For unary functions, the mask of the result is the mask of the argument.
x = xp.linspace(0, 2*xp.pi, 5)
x = mxp.asarray(x, mask=(x > xp.pi))
x
MArray(
array([0. , 1.57079633, 3.14159265, _, _]),
array([False, False, False, True, True])
)
-x
MArray(
array([-0. , -1.57079633, -3.14159265, _, _]),
array([False, False, False, True, True])
)
mxp.round(mxp.sin(x))
MArray(
array([0., 1., 0., _, _]),
array([False, False, False, True, True])
)
For binary functions and operators, the mask of the result is the result of the logical or operation on the masks of the arguments.
x = mxp.asarray([1, 2, 3, 4], mask=[1, 0, 1, 0])
y = mxp.asarray([5, 6, 7, 8], mask=[1, 1, 0, 0])
x + y
MArray(array([ _, _, _, 12]), array([ True, True, True, False]))
mxp.pow(y, x)
MArray(array([ _, _, _, 4096]), array([ True, True, True, False]))
Note that np.ma
automatically masks non-finite elements produced during calculations.
import numpy
x = numpy.ma.masked_array(0, mask=False)
with numpy.errstate(divide='ignore', invalid='ignore'):
y = [1, 0] / x
y
masked_array(data=[--, --],
mask=[ True, True],
fill_value=1e+20,
dtype=float64)
MArray
does not follow this convention.
x = mxp.asarray(0, mask=False)
with numpy.errstate(divide='ignore', invalid='ignore'):
y = [1, 0] / x
y
MArray(array([inf, nan]), array([False, False]))

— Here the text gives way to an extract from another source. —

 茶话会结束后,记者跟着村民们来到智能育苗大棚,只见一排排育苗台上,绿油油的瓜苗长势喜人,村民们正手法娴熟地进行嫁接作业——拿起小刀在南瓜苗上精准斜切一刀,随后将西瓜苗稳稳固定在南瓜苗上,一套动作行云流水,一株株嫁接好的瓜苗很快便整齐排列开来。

This is because masked elements are often used to represent missing data, and the results of these operations are not missing. If this does not suit your needs, mask out data according to your requirements after performing the operation.

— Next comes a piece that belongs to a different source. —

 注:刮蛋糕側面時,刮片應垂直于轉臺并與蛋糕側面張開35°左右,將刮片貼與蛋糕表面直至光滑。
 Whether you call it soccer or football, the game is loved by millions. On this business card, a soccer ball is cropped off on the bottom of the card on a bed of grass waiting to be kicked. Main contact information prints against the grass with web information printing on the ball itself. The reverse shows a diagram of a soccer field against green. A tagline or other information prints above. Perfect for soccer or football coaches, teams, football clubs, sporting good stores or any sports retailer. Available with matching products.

x = mxp.asarray(0, mask=False)
with numpy.errstate(divide='ignore', invalid='ignore'):
y = [1, 0] / x
mxp.asarray(y.data, mask=xp.isnan(y.data))
MArray(array([inf, _]), array([False, True]))
Linear Algebra Functions#
As usual, linear algebra functions and operators treat masked elements as though they don’t exist.
x = mxp.asarray([1, 2, 3, 4], mask=[1, 0, 1, 0])
y = mxp.asarray([5, 6, 7, 8], mask=[1, 1, 0, 0])
x @ y # the last elements of the arrays, 4 and 8, are the only non-masked elements
MArray(array(32), array(False))
The exception is matrix_transpose
, which transposes the data and the mask.
x = mxp.asarray([[1, 2], [3, 4]], mask=[[1, 1], [0, 0]])
x
MArray(
array([[ _, _],
[3, 4]]),
array([[ True, True],
[False, False]])
)
mxp.matrix_transpose(x)
MArray(
array([[ _, 3],
[ _, 4]]),
array([[ True, False],
[ True, False]])
)
Conclusion#
While this tutorial is not exhaustive, we hope it is sufficient to allow you to predict the results of operations with MArray
s and use them to suit your needs. If you’d like to see this tutorial extended in a particular way, please open an issue!